Intersection of subgroups and the one of intermediate subfields

\mathbf{Theorem 1:} Show that in the fundamental theorem of Galois theory, the subfield corresponding to the intersection of two subgroups H_1 and H_2 is the subfield generated by the corresponding intermediate subfields \text{Inv}H_1 and \text{Inv}H_2.
\mathbf{Proof:} Suppose K is the subfield generated by \text{Inv}H_1 and \text{Inv}H_2. Then K=\displaystyle \bigcap L here L is intermediate subfield embarcing \text{Inv}H_1 and \text{Inv}H_2.
For any such L, \text{Gal }E/L\leq H_1 and \text{Gal }E/L\leq H_2, so \text{Gal }E/L\leq H_1\cap H_2.
Thus K\subset \text{Inv}(H_1\cap H_2).
Conversely, \text{Inv}(H_1\cap H_2)\supset \text{Inv}H_1, \text{Inv}(H_1\cap H_2)\supset \text{Inv}H_2. So \text{Inv}(H_1\cap H_2)\supset K.
\text{Q.E.D}\hfill \square
\mathbf{Theorem 2:} The intersection of two intermediate fields K_1 and K_2 corresponds to the subgroup generated by the corresponding subgroups \text{Gal }E/K_1 and \text{Gal } E/K_2.
The proof is very similar to the previous one.

\mathbf{Corollary:} Suppose we also know K_1 is Galois over the groud field and K_2 is another intermediate field. Then \text{Gal }K_1/K_2\cap K_2 is isomorphic to \text{Gal }K_1K_2/K_2.

\mathbf{Proof:} By assumption, H is normal.
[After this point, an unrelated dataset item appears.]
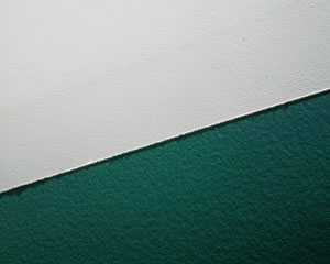 The contractor arrived with an impressive array of equipment ready to strip the hull, above and below the waterline and quickly erected the protective barrier required by the EPA to prevent dust dissemination. The plan was to use a bicarbonate waterblast technique which allows a fine control over the paint removal process. Unfortunately the contractor was unable to produce an EPA license but he and his team cheerfully set about hand sanding. Removal of the underbody paint was achieved over a period of several days producing a good finish back to the epoxy coating (see photo). As the above waterline finish exhibited an area in which the polyurethane paint had peeled from the epoxy hi-build below, it was decided to attempt to encourage this through the use of masking tape to peel away all of the old paint - an idea that worked very well after we left it for a few days before peeling it away. This method ensured the original hull fairing was retained, something we felt sanding would have been unable to achieve.

From group theory,

\displaystyle H_1H_2/H_1\cong H_2/H_1\cap H_2

Theorem 2 says that the corresponding group to K_1\cap K_2 is \langle H_1,H_2\rangle. Since H_1 is normal then \langle H_1,H_2\rangle=H_1H_2. And \text{Gal }K_1/K_1\cap K_2=H_1H_2/H_1.

Theorem 1 says that the corresponding group to intermediate field K_1K_2 is H_1\cap H_2. And \text{Gal }K_1K_2/K_2=H_2/H_1\cap H_2.

So the conclusion holds.

\text{Q.E.D}\hfill \square

In fact this corollary is valid even K_2 is transcedental extension, namely

\mathbf{Theorem 3:} Let K be a Galois extension of k, let F be an arbitrary extension and assume that K,F are subfields of some other field. Then KF is Galois over F and K is Galois over K\cap F. Let H be the Galois group of KF over F, and G the Galois group of K over k. If \sigma\in H then the restriction of \sigma to K is in G and the map

\sigma\to \sigma|_K

gives an isomorphism of H on the Galois group of K over K\cap F.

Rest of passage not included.